Parlavo solo triestino, allora si usava così. In quelle terre il dialetto è lingua e appartenenza e lo usi, perché  sei fatto della terra che calpesti e dell’acqua che bevi.

A 6 anni arrivai alla scuola elementare, parlando una lingua straniera e fui catapultata a dover apprendere una nuova lingua: l’italiano.
Ancora oggi mi domando come posso essermela cavata, pensate per un attimo di parlare italiano e trovarvi di colpo a dover lavorare in un altro stato con persone che parlano in una lingua a voi sconosciuta e pretendono che tu scriva e parli nella loro lingua. Dovevo capirlo da lì che la vita è sopravvivenza.

A 8 anni a scuola ero fuori norma, più alta della media, più robusta della media, diversa fisicamente.  Mi ricordo ancora la mia maestra indicarmi e parlottare piano ad altre insegnanti al mio passaggio e il suo bisbiglio: “E’ friulana”.
I loro occhi su di me, li sentivo sulle spalle,  mi osservavano mentre camminavo verso l’uscita della classe. La mia vergogna, il sentirmi diversa, sbagliata, brutta, fuori posto, non ero come loro. Non ero minuta, non ero piccola, non ero esile, non ero lombarda.

A 10 anni leggevo talmente tanto che l’oculista impose a mia madre di impedirmi di leggere. Ma io leggevo di nascosto. Andavo alla biblioteca comunale, aprivo quei lunghissimi e stretti cassettini e prendevo tre schede a caso, ogni settimana.
Romanzi, scritti di tutti i tipi e generi, senza distinzione per ragazzi e non. Non guardavo né autori, né titoli. Ero fuori le dinamiche dei nomi, l’importante era conoscere. Io non leggevo i libri, io ero nei libri.

Sono cresciuta così, da figlia unica, in solitudine umana ma non in solitudine, perché io già “sentivo” e “sapevo” che la solitudine è uno stato mentale.
Sono diventata grande chiusa nel mio mondo, fatto di libri, di sogni e di pensieri. Una parte di me aveva paura del dolore. Il dolore di un dito e sei occhi puntati sulla schiena. Sono diventata adulta parlando poco con l’esterno ma ascoltando tanto.

Chi mi conosce ora, non lo direbbe mai che ero chiusa, timida e insicura. Oggi parlo tanto, mi espongo ancora di più;  ora dammi un “palcoscenico” ed io diverrò una buffona.

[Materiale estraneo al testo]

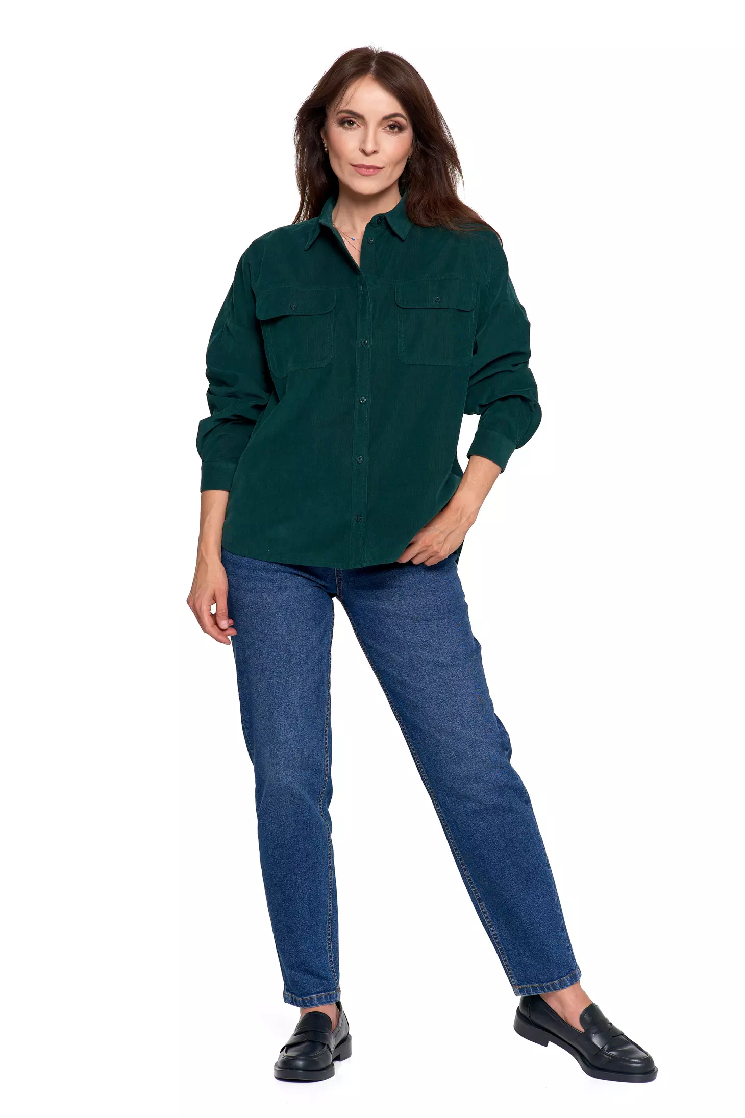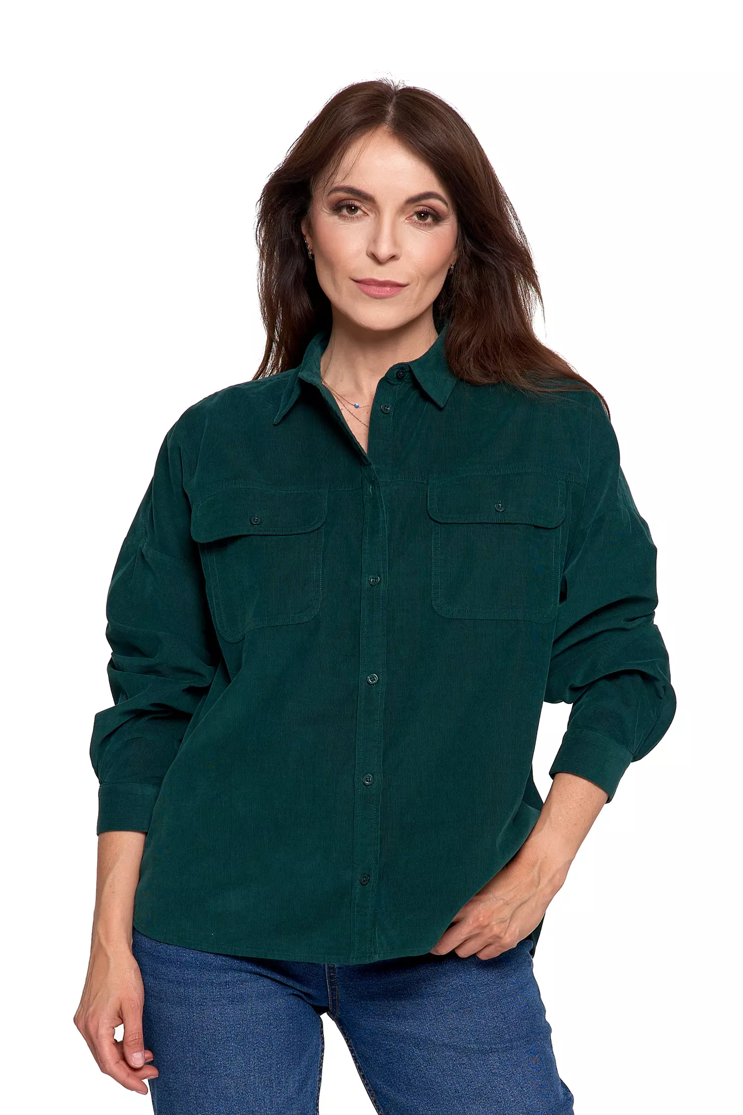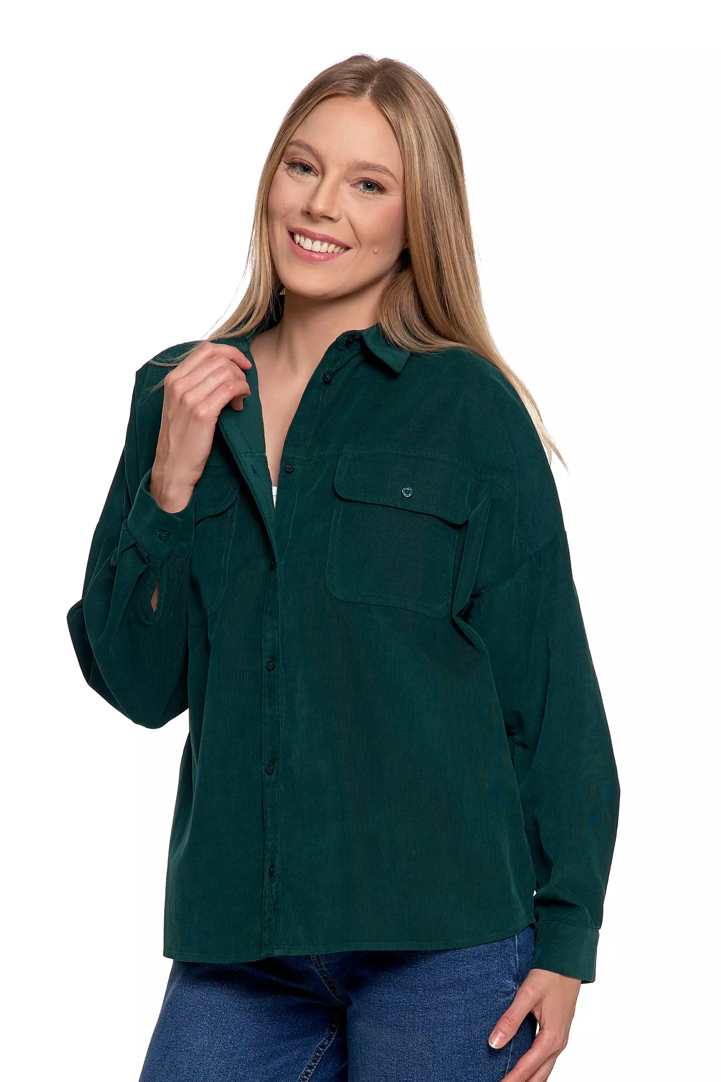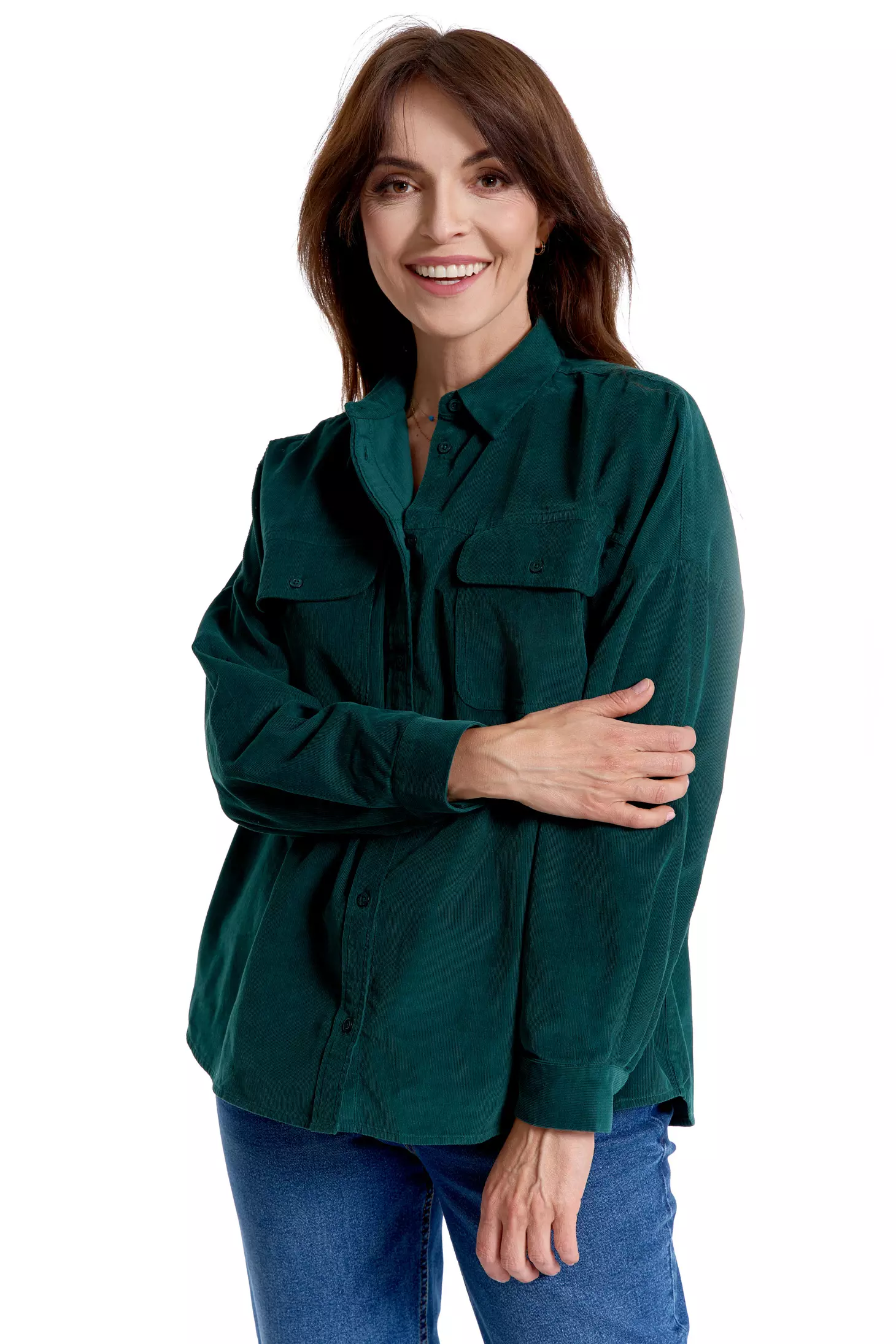 LUŹNA KOSZULA DAMSKA SZTRUKSOWA BAWEŁNIANA MODNA Z KIESZENIAMI MORAJ

Se qualcuno bisbiglia al mio passaggio, non abbasso gli occhi e proseguo, ma mi fermo torno indietro, chiedo se ha qualcosa da dirmi.

I libri mi hanno aiutato a crescere, i libri mi hanno fatto capire, i libri mi hanno fatto pensare, i libri mi hanno educata, i libri mi hanno fatto sognare, i libri mi hanno fatto viaggiare, i libri mi hanno spinto ad amare gli altri, i libri sono stati i mattoni di quella che sono io oggi.

I libri mi hanno fatto capire che ogni essere umano è un libro da leggere.